Together is a more raucous and chaotic album than 2007's Challengers and feels a little more like The New Pornographers' earlier releases Twin Cinema and Electric Version. But it's still a far cry from their crunchier rock beginnings too. In that way Together is an anomaly, stuck somewhere between the band's sweeter, melodic desires and their edgier interests. It seems a bit stuck in neutral, not moving forward or backward, but staying a course of solid, but non-life-changing rock. Still, I can't decry the album much. It opens with two exceptional songs back-to-back, "Moves" and then the Neko Case-powered "Crash Years." Both songs being strong anthems and characteristically fun tracks. It's not really possible, I think, to be disappointed by The New Pornographers. They're too objectively great to fail their listeners, and when you have a little bit of fan passion invested them, they're just bound to drop great music right into your ears like honey.
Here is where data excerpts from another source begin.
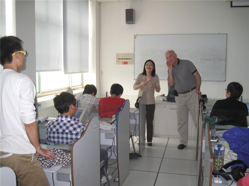 课上,应任课教师魏海燕的邀请,葛丹先生以生动、幽默的语言,回答了学生有关中美课堂教学风格、中美年轻人业余生活、地球环境保护以及对中国城市的印象等方面的提问,并就汉语言专业学生出国教授汉语的职业发展提出了宝贵意见。课后,他对魏海燕老师的大学英语听说课教学给予了高度评价,结合他自己多年与中国进行教育合作的经验,充分肯定了中国教育改革的成绩。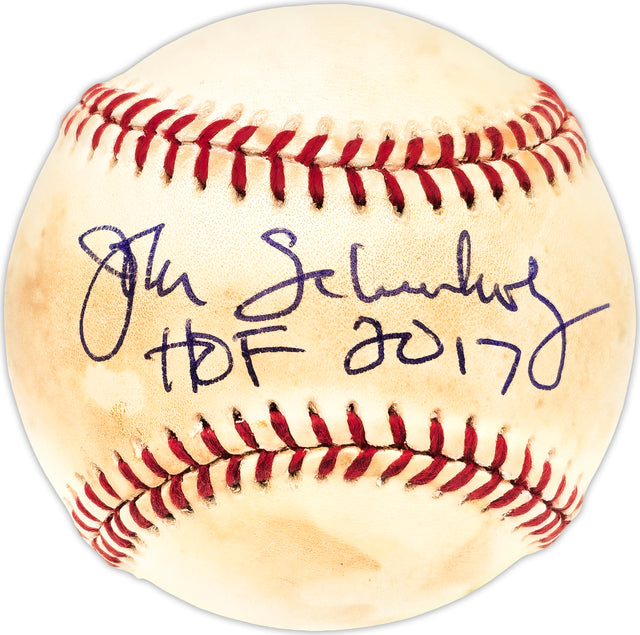 This Official 1995 World Series Logo MLB Baseball has been hand-signed by Hall of Fame executive John Schuerholz and inscribed with "HOF 2017," commemorating his induction into the Baseball Hall of Fame. A key figure in shaping championship-winning teams, Schuerholz played a pivotal role in the success of the Atlanta Braves during the 1990s, making this a prized collectible for baseball enthusiasts.
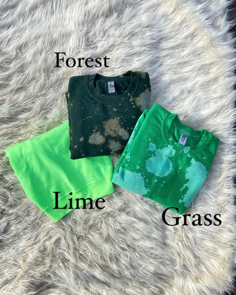 This involves the process of using bleach or a bleach solution to remove or lighten the color of the fabric in certain areas, creating unique patterns or designs on the shirt. It's often used for creating acid wash or tie-dye-like effects, and the outcome can vary depending on the technique and concentration of bleach used. This process is commonly used in custom clothing to achieve specific aesthetics or styles on garments. Please note that due to the handmade nature of the bleaching process, each item will be uniquely different.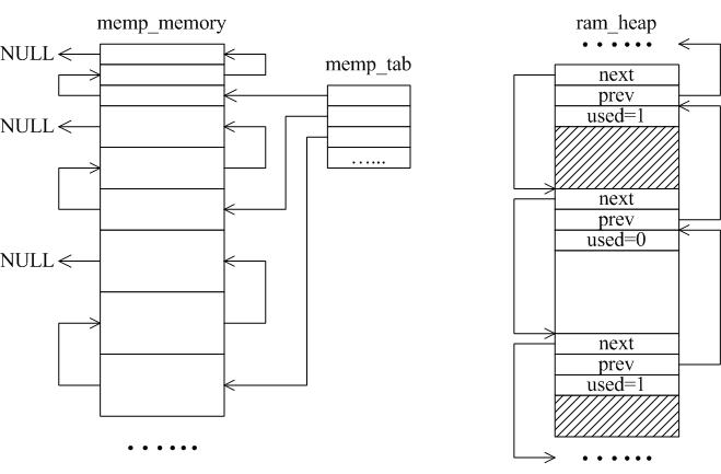 若定义MEMP_MEM_MALLOC=1,则memp.c中的全部内容不会被编译,用内存堆来实现内存池分配,使用这种方式得考虑是否能忍受内存堆分配带来的时间延迟。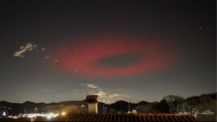 Um círculo de luz vermelha pairou sobre a pequena cidade de Possagno, na Itália, pela segunda vez desde 2023. E o fotógrafo Valter Binotto estava lá nas duas vezes, tirando fotos que desafiam a lógica.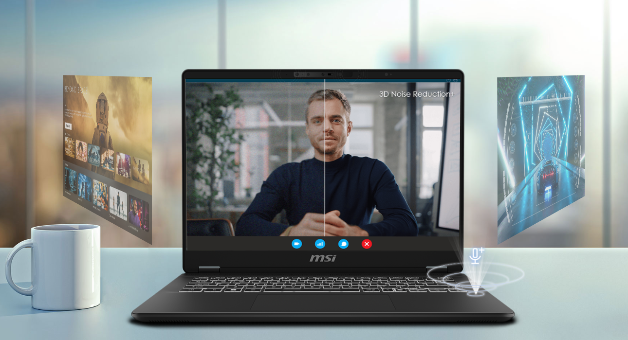 Silnik MSI AI Engine jest w stanie wykrywać scenariusze pracy użytkownika i automatycznie dostosować do nich ustawienia sprzętowe tak, aby osiągnąć jak najlepszą wydajność. Dzięki prostym w obsłudze trybom pracy i zasobom dostrojonym przez AI, możesz skupić się na ważnych rzeczach, takich jak tworzenie, praca i rozrywka. Dzięki funkcji AI Noise Cancellation Pro i przestrzennemu układowi trzech mikrofonów możesz cieszyć się krystalicznie czystym dźwiękiem nawet w najbardziej hałaśliwym otoczeniu.

That's why they can succeed with a song like "Crash Years," which rides a hooky bass/guitar line all over and holds tightly to you with semi-old school sentiments.
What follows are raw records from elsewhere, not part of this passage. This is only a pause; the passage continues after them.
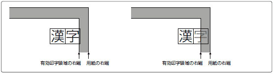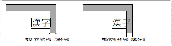 文字にアンダーラインを引いている場合、同様に文字幅が有効印字領域を越えなければ、文字およびアンダーラインを印字しますが、文字幅が有効印字領域を越える場合は、文字を印字せずに有効印字領域内のアンダーラインだけを印字します。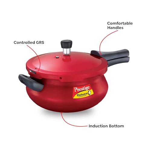 Deluxe Plus Aluminium Pressure Handi comes with induction base which makes it the most versatile pressure handi available. It can work on any heat source and enables you to cook delicious dishes in a smart way at the highest level of safety through its Pressure Indicator which rises above the lid under pressure and drops when the pressure inside falls to zero giving a visible indication to safely open the handi. The Deluxe plus Pressure Handi is aesthetically designed to give you the flavour of traditional Indian cooking.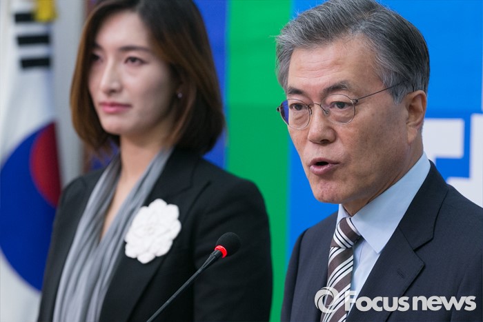 (서울=포커스뉴스) 문재인(오른쪽) 더불어민주당 대표가 11일 오후 서울 여의도 국회 당대표회의실에서 김빈(왼쪽) 디자이너의 입당 기자회견에 참석해 인사말을 하고 있다.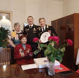 24.01.2026г. 24 января с.г. исполнилось ровно 100 лет ветерану Великой Отечественной войны и Военно-Морского флота Зинаиде Васильевне Кашкаровой, ныне проживающей в Москве. Войну она встретила в столице, участвовала в защите Москвы, гасила фугасные бомбы на крышах домов, рыла окопы, помогала врачам в госпитале. В 1941 году была открыта Московская военно-морская школа , в которую юную Зинаиду сразу приняли за хорошее знание английского языка. По окончанию школы в 1942 году девушку отправили радисткой -шифровальщицей на Тихоокеанский флот. Проходила службу на ледоколе " Лазарь Каганович", участвовала в обеспечении конвойных операций на Севере. Её бдительность и высокие профессиональные навыки однажды спасли жизни советских моряков , когда она перехватила вражеское сообщение о готовящемся нападении фашистов на остров Диксон. Победу старшина 2-статьи Зинаида Кашкарова встретила на боевом посту. В мирное время Зинаида Васильевна окончила институт радиоэлектронной промышленности и Московский Государственный университет им. М. В. Ломоносова. Долгое время проработала в Министерстве электронной промышленности СССР. Награждена орденами Отечественной войны 2-й степени , Трудового Красного Знамени , Знай Почёта , медалями " За оборону Советского Заполярья", " За победу над Германией в Великой Отечественной войне", " 300 лет Российскому флоту " и многими другими. В день своего 100-летнего юбилея Зинаида Васильевна получила поздравление от мэра Москвы С. С. Собянина, памятные адреса от объединенного Совета ветеранов ВМФ Московского Комитета ветеранов войны, Международного комитета ветеранов ( военных пенсионеров) стран СНГ и президиума совета ветеранов Северного флота, которые передали член «Клуба адмиралов» генерал-майор Щербина А. Н. и капитан 1-го ранга Лаптев Н. В. Они же вручили юбиляру-фронтовику букеты цветов памятные часы " 80 лет Победы " и другие подарки .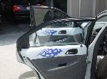 tweeded doors, headliner, dash and pillars all done by pirate customz and air brushed flames on door panels done by Air Creations trenz iron cross rear view mirror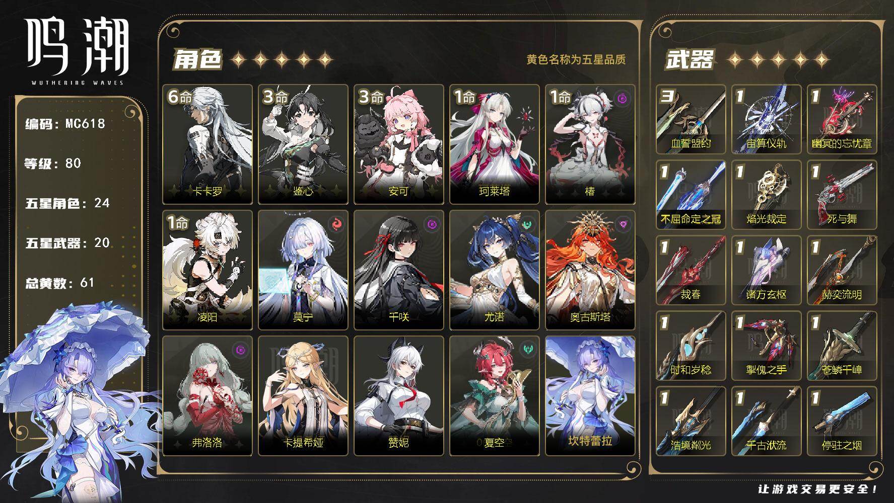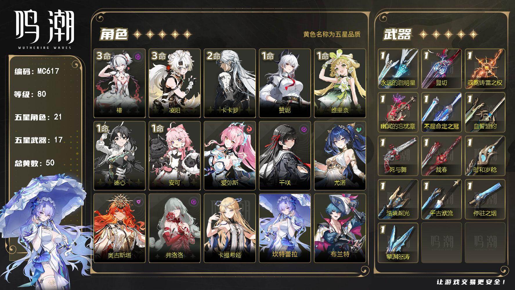 三链专武爱弥斯+守岸人+西格莉卡+三链维利奈,鸣潮号出啦!角色齐全,资源也很丰富,账号直接上手玩

"Your Hands (Together)" is another success insofar as it has a built-in hook and demands repeat listening, even if it's not the best song the band has ever churned out. It makes you feel like moving, it's a driving song, a song about motion and a growling desire to fight. "My Shepherd" is a song that slows the pace greatly, and feels like the quintessential solo Neko Case track, built around her voice, calm and beautiful, and not too challenging. And even though it's a great track, it also pulls the album back into a place that is more subdued than its opening. Which goes back to the album's fractured tone. There are a lot of almost great songs near the end of the album, that's a fact, but it's that they never reach great that is most disappointing (as I said though, I can't be disappointed completely by this band). "Up In The Dark" is a speed high-point to the back half of the album, but it never gets over the hump from good to great, great to excellent. It's not forgettable, but it's not readily memorable either. Despite being a fun tune to listen to. They can't all be winners though, and it's unrealistic to expect some sort of perfection from any band. On the upside, the album closes well with "A Bite Out Of My Bed," "Daughters Of Sorrow" and "We End Up Together," all of which do some great work vocally and lyrically, and pique the interest as much as hold it. Ultimately, if you liked and/or loved Challengers you'll find a solid handful of songs on Together to latch onto and love. The whole album may not be great, but sometimes we have to live with a few mediocre entries to get the great stuff. Something like eating a really tiresome breakfast cereal as a child, awaiting the prize in the box, or, even better, going on a bad date or two with the person you will still end up with. Sometimes the highlights are worth as much or more than the middling territories in between.